“Say Hi To Your Mom is a boy named Eric” says the CD cover of the album Ferocious Mopes. To be exact, the `band’ is Eric Elbogen, an L.A. kid who moved to Brooklyn and makes music in his bedroom. Despite the dire sound of a loner isolated in his bedroom far away from his original home, SHTYM’s music is pop utopia, shimmering and bright, with hints of shadow.
Take the trembling vocal style and the keyboard graces of Grandaddy, throw in the clever lyrics of Rivers Cuomo and Ben Gibbard’s impossible love child, the earnestness of Conor Oberst, and the guitars of either Pavement or Weezer, and you still come up with only one guy, Eric Elbogen. His music is downright fun and catchy, especially on “The Death of Girl Number Two,” “Dimensions and Verticals” and “Poor Pete is a Bit Self Conscious,” but it is his lyrics that really stand out, and that’s saying something because the instrumentation is impressive enough on its own.
Take the aforementioned “The Death of Girl Number Two”:
Beneath your thick skin, there must have been a creature controlling you like a marionette robot. Or else how could you have said those things?…And the creature was a nasty bugger and she bit my arm clear right through, but now I know that wasn’t really you
As I listened to the album three times in a row, each separate time produced a new favorite song. First it was “Girl Number Two” then it was “Yeah, I’m In Love With An Android,” which is exactly what it sounds like:
Her kisses are metallic and her touch is firm but cold.
And I don’t think she sleeps at night, but plugs into the wall.

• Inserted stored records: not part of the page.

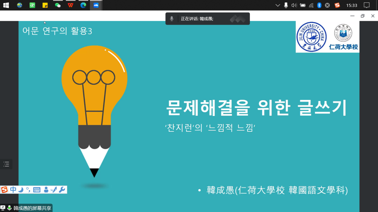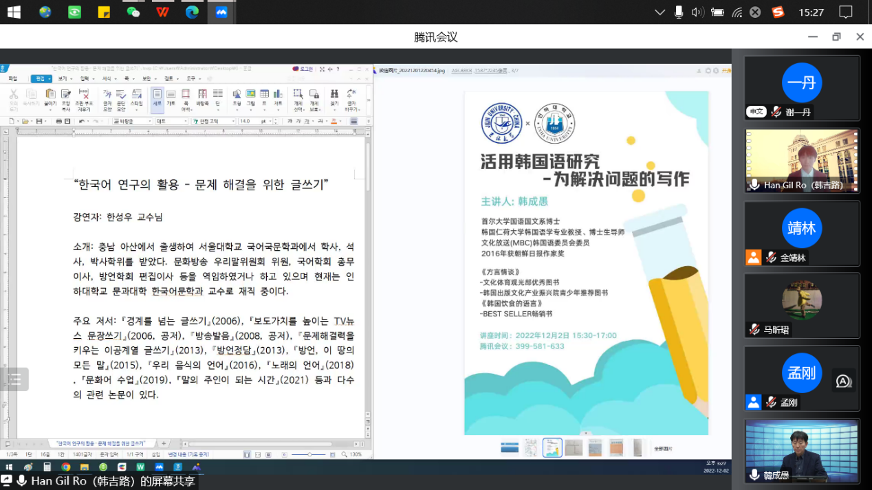 邀请,2022年12月2日15时30分,首尔大学国语国文系博士、韩国仁荷大学韩国语学专业教授、博士生导师、文化放送(MBC)韩国语委员会委员、2016年朝鲜日报作家奖获得者韩成愚老师在云端通过腾讯会议平台做了一场主题为“活用韩国语研究——为解决问题的写作”的学术讲座,讲座由朝文系外教韩吉路老师主持,参加讲座的人员有成人导航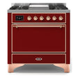 ILVE Majestic II 36" Dual Fuel Range 6 Sealed Burners, Solid Door, Burgundy, Copper Knobs-LP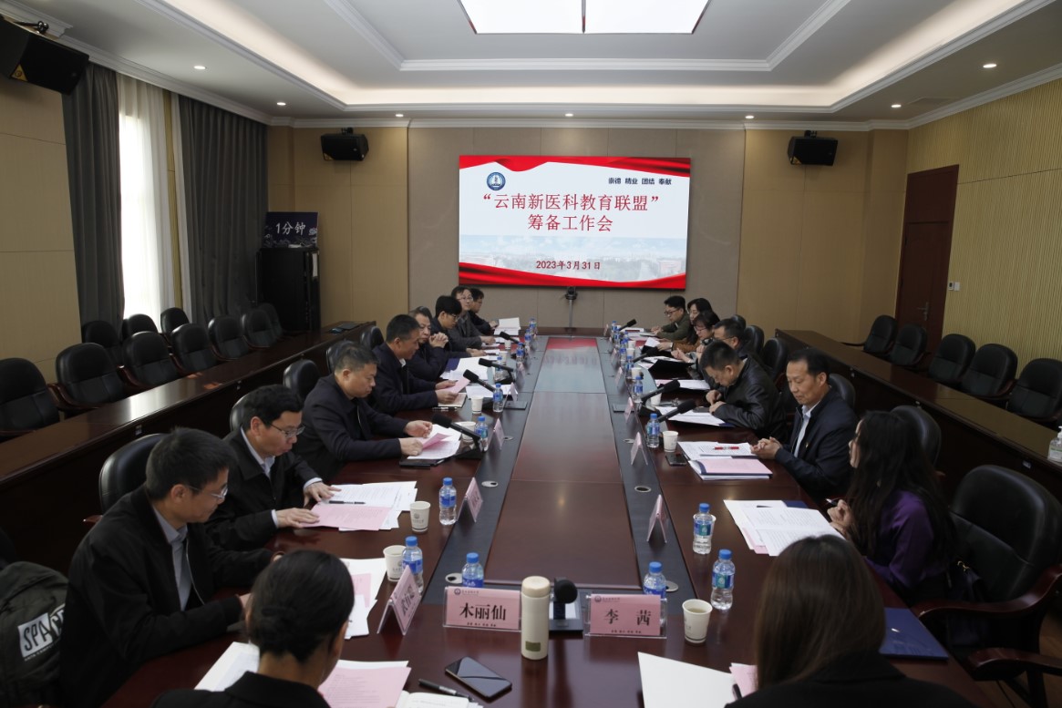3月31日上午,云南新医科教育联盟筹备工作会议在我校召开。beat365中文官方网站、云南大学、昆明理工大学、云南中医药大学、大理大学、昆明学院、曲靖医学高等专科学校、beat365中文官方网站海源学院、中国医学科学院医学生物研究所、云南白药集团股份有限公司、beat365中文官方网站第一附属医院、云南大学附属医院、beat365中文官方网站附属甘美医院共13家高校、研究所、企业、附属医院相关负责人参加会议。

Elbogen goes on to say that there are far stranger things to love than an android and we believe him. But besides being witty and clever, he can be touching at the same time, especially in the lovely “I Think I’ll Be a Good Ghost” where he ponders the novelty of being `see-through’ and `feather light’ and whether or not girl ghosts will even notice him. Lyrics that appear in the songs “Dimensions and Verticals” and other songs on the album remind me of the smart set words of either Elvis Costello or Andy Partridge. And yes, they’re that good.

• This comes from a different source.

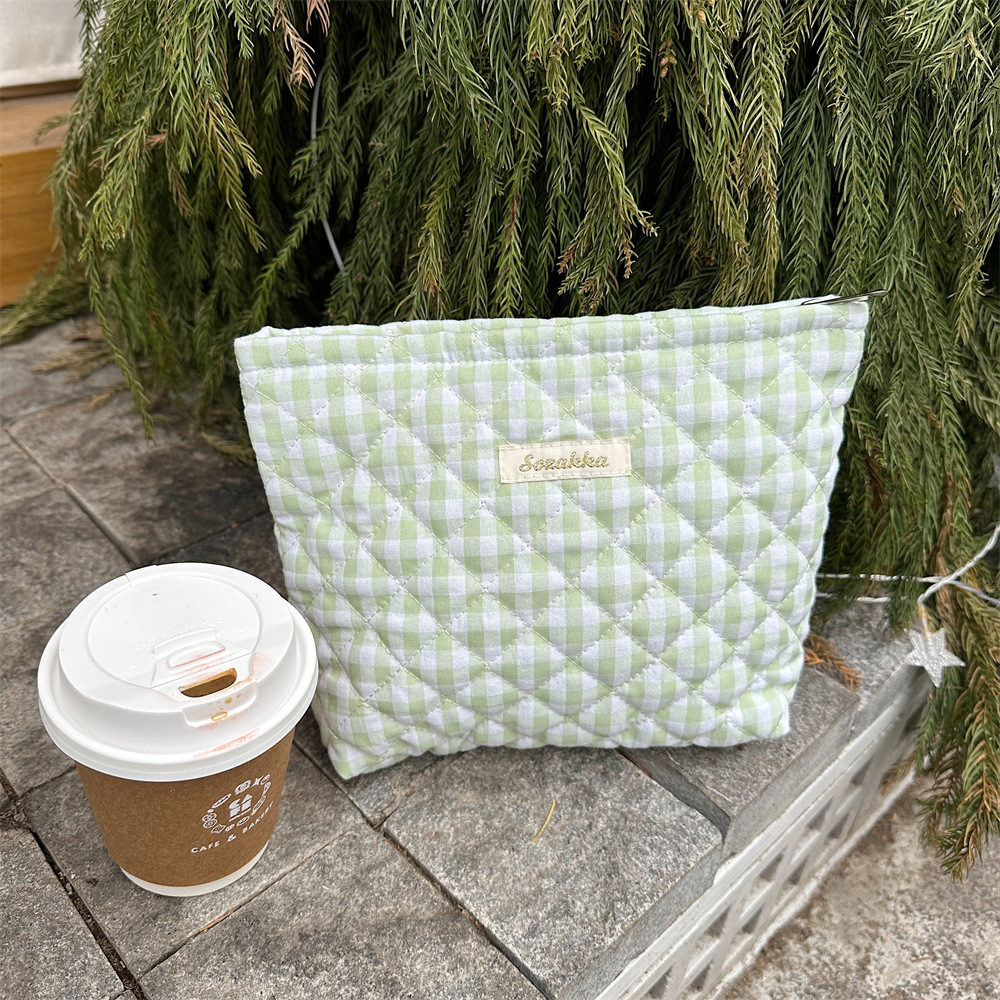 4171 퀼트 퀼트 신선한 크림 Zige 여성용 클러치 화장품 가방 대용량 스킨 케어 보관 가방

In “Recurring Motifs in Historical Flirtings”, Elbogen takes an age old idea, twists it into something new, and writes music around it that burrows into your skull:
And to me you say, “let’s just be friends!,” the four worst words in our language. But here’s another chance: I’ll fight him in a dance off and I’ll win, to a slow, slow BPM.
Say Hi To Your Mom wraps up the album with a `song’ that is less than a minute long, but no less memorable, clever, or wonderful. It’s called “As Smart as Geek is Chic Right Now” and I won’t transcribe the lyrics here as it really works like a short, short story, and I’ll need to save something for you to have to hear on your own.